The geometric requirement that ensures smooth movement of contacting gear teeth is known as the fundamental law of gearing. This law states that for two bodies rotating about separate centers and in contact along their profiles, the relative angular velocity of the two will be constant as long as the line perpendicular to the point of contact of their two profiles, the profile normal, passes through the same point along the line between their centers throughout their movement. A pair of tooth profiles that satisfy the fundamental law of gearing are said to be conjugate to each other. The involute profile that is used for most gear teeth today is self-conjugate, which means that if the teeth of two gears are the same size then they will mesh smoothly independent of the diameters of the mating gears.
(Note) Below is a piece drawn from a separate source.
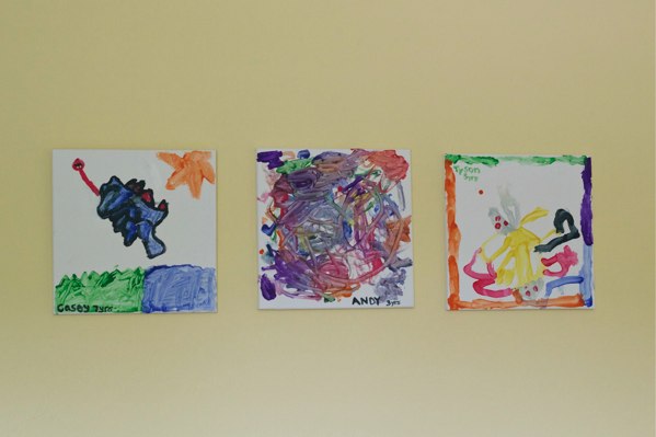 Here are the boys’ creations. I hung them in the toy room. They look great and the boys were excited about having them hung up.

The relative movement of gears with conjugate tooth profiles is defined by the distance from the center of each gear to the point at which the profile normal intersects the line of centers. This is known as the radius of the pitch circle for each gear. The calculation of the speed ratios for a gear train with conjugate gear teeth becomes a calculation using the ratios of the radii of the pitch circles that make up the gear train.

Gear train design uses the desired speed ratio for a system of gears to select the number of gears, their configuration, and the size of their pitch circles. This is independent of the selection of the gear teeth as long as the tooth profiles are conjugate, with the exception that the circumferences of the pitch circles must provide for a whole number of teeth.